The On Mark Engineering Company was involved in the maintenance and conversion of Douglas A-26 Invaders for both civil and military customers from 1954 to mid-1970s, The first conversions mainly involved the removal of military equipment and replacement with fairings and civil avionics, sealing of the bomb bay doors, soundproofing, and additional cabin windows. The original "gunner's hatch" was replaced with a larger retractable entrance door, and room for baggage was provided in the nose section. They had improved brake systems and fuel systems and uprated engines with reversible-pitch propellers.
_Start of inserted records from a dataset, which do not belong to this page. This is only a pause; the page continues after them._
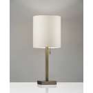 This table lamp has an elegant style that highlights simple materials with a classic silhouette. A thick dark bronze finished metal pole supports a natural textured fabric shade. A tall cylinder shade is contrasted with a compact square-shaped metal base. A simple pull chain turns the lamp on and off. Set this table lamp on your nightstand for a soft, transitional look.
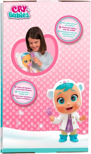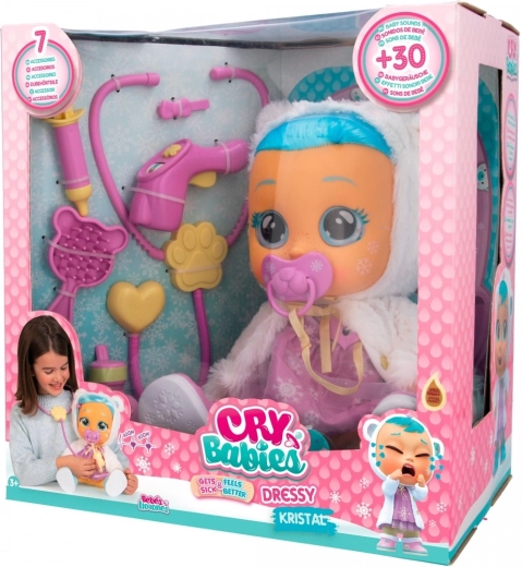 De pop Cry Babies Kristal is nu verkrijgbaar in een elegante outfit die nieuwe speelmogelijkheden garandeert. Ze reageert op zorg en liefde, waardoor ze een echte baby nabootst.
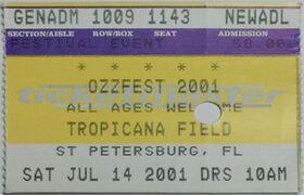 - This show was originally announced for Festival Park in Zephyrhills, FL. Due to one fan dying and twenty more being injured at Livestock 2001 (a show Linkin Park played in April), the organizers at the venue decided to cancel Ozzfest there. Tropicana Field picked up the show instead.

About 1957 the company had developed a major modification that replaced the "carry-through" section of the rear wing spar with a circumferential steel "ring spar" that freed the fuselage space for better passenger accommodation and cockpit access. Other major improvements included a broad-chord metal-skinned rudder, Douglas DC-6 wheels and brakes, an Auxiliary Power Unit, autopilot and additional fuel tanks inside the wing and the addition of wingtip fuel tanks. It also had an extended fiberglass nose for baggage (or a radar) which increased the overall length by about 26".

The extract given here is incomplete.